This extraordinary event forms the cornerstone of Man on the move, part memoir, part love story and part self-help book published last month by The Dreamwork Collective.

As a Canadian tech entrepreneur and co-founder of the global aviation start-up Searidge Technologies, Thomas has been in constant motion for the past two decades and has shaped his business. Nevertheless, he says, he feels an increasing tendency towards spirituality.

Man on the move guides readers through the past and present of personal experiences that led Thomas to move to the United Arab Emirates. As he better understands his role in the universe, he ponders how to apply the principles of love and compassion to his encounters and relationships.

“Spiritual awakening is only half the way; The integration of divine wisdom and intelligence into everyday experience takes a little longer, ”he writes.

Thomas’ tone is honest and engaging, and the experiences he shares are relatable – from his tendency to chew the inside of his cheek in awkward moments to his ritual chanting of You are my Sunshine to his children. He also writes about not being entirely “present” with his children: those “moments of inattention that will be lost forever” that will appeal to any parent who finds they are glued to their phone far too often.

Fatherhood strongly influences the author’s desire for a more rewarding and spiritually balanced life, and he is motivated to break out of the constant, income-oriented cycle of society.
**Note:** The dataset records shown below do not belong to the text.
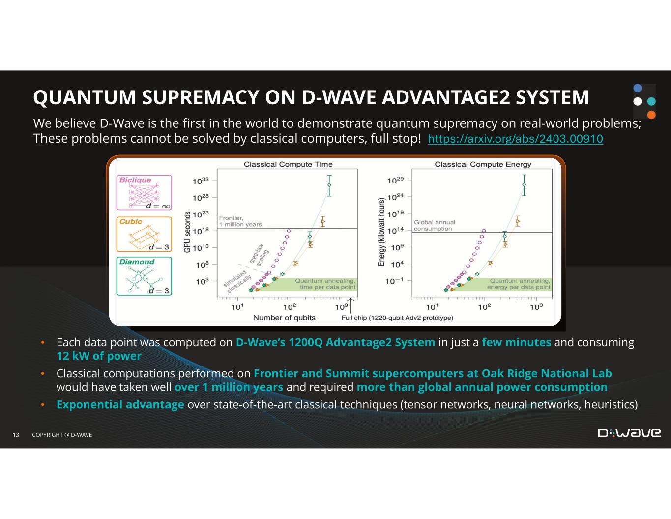 QUANTUM SUPREMACY ON D-WAVE ADVANTAGE2 SYSTEM • Each data point was computed on D-Wave’s 1200Q Advantage2 System in just a few minutes and consuming 12 kW of power • Classical computations performed on Frontier and Summit supercomputers at Oak Ridge National Lab would have taken well over 1 million years and required more than global annual power consumption • Exponential advantage over state-of-the-art classical techniques (tensor networks, neural networks, heuristics) We believe D-Wave is the first in the world to demonstrate quantum supremacy on real-world problems; These problems cannot be solved by classical computers, full stop! https://arxiv.org/abs/2403.00910 COPYRIGHT @ D-WAVE13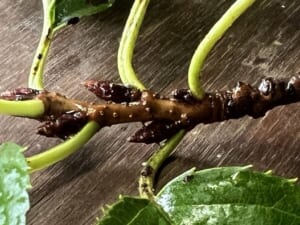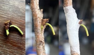 リバーラインのソメイヨシノ変異枝から葉芽のある枝を採取し、台木となるオオシマザクラの苗木に移植する方法です。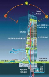 大樓利用太陽能、雨水、風(fēng)能、地?zé)崮艿氖疽鈭D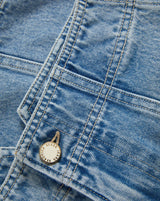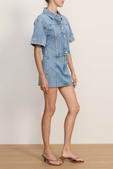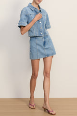 The essential denim mini. Crafted from premium non-stretch denim in a medium-blue wash, the Marquita skirt features a flattering mid-rise, A-line silhouette. A paneled, pocket-free construction keeps the look clean and streamlined. Pair it with a crisp white tee for ease, or style it with the matching Malcom Jacket for a double denim moment.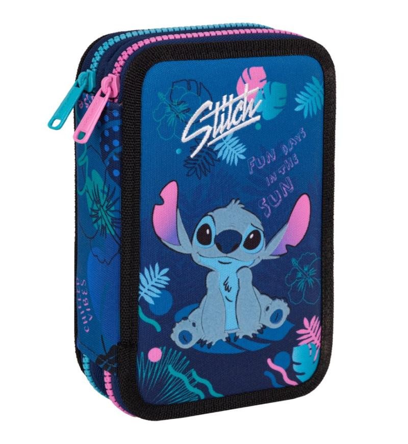 Dvoupatrový penál s výrazným a na omak hebkým motivem Stitche. Odolný zip je sladěný s kontrastním s lemováním. Pevné ploché gumičky na psací potřeby drží tvar a nevytahávají se. Plně vybavený. •materiál: 100 % polyester •obsahuje: 18 × fixa, 12 × pastelka, 1× trojhranná tužka HB, 1× gelový roller 0,7 mm, 1× pravítko 15 cm, 1 × pryž, 1 × ořezávátko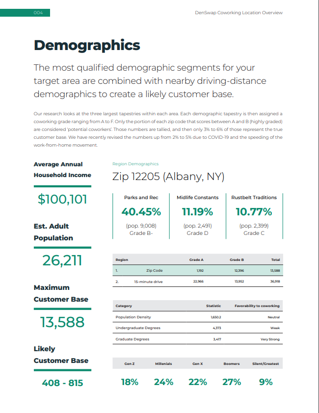 The DenSwap team estimated 30,573 square feet of flexible office space could be supported in the zip code, but a total of 83,000 in Albany. The recommend coworking model is Modern Executive Suite and the suitable property types are office towers, office parks, and shopping centers. t.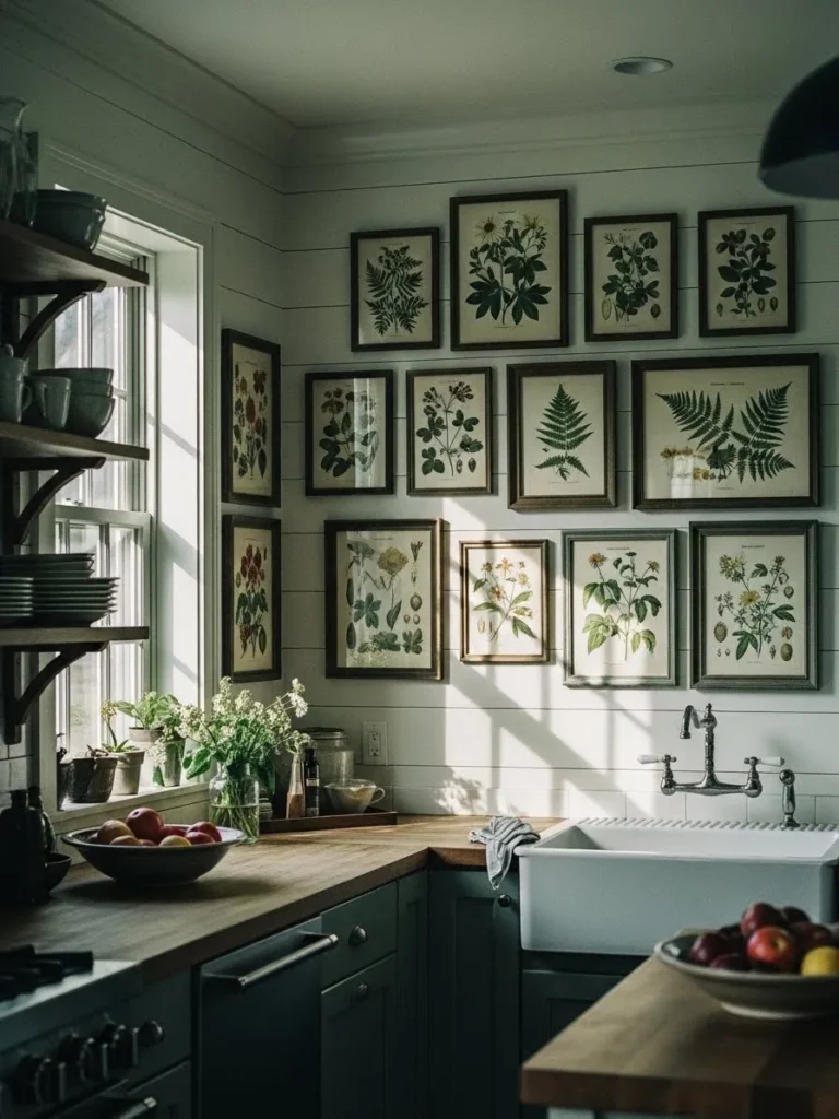 This farmhouse kitchen turns a simple corner into the prettiest little gallery wall with a full collection of vintage botanical prints. The soft shiplap backdrop lets all those delicate leaves and flowers shine while the warm wood countertops and deep green cabinets ground the space with an earthy feel. Sunlight pours in through the window and lands right across the artwork which makes the whole wall look like a curated moment from an old countryside cottage. The classic farmhouse sink and open shelving add to the relaxed rhythm of the room and everything feels collected with care rather than styled in a rush.

“To me, being a positive role model means having some clarity in my own life, and I didn’t believe in just cycling through the monopoly of making money. So I thought, ‘What are my beliefs?’ And that kind of boosted my writing, ”he says.

The United Arab Emirates can be seen frequently everywhere Man on the move, from Abu Dhabi’s Sheikh Zayed Grand Mosque to the Dubai Opera. Thomas also mentions major world events and the reactions of his own family and friends to them, such as the 2016 US election that resulted in Donald Trump’s victory and the day George Floyd was assassinated, sparking global protests against #BlackLivesMatter.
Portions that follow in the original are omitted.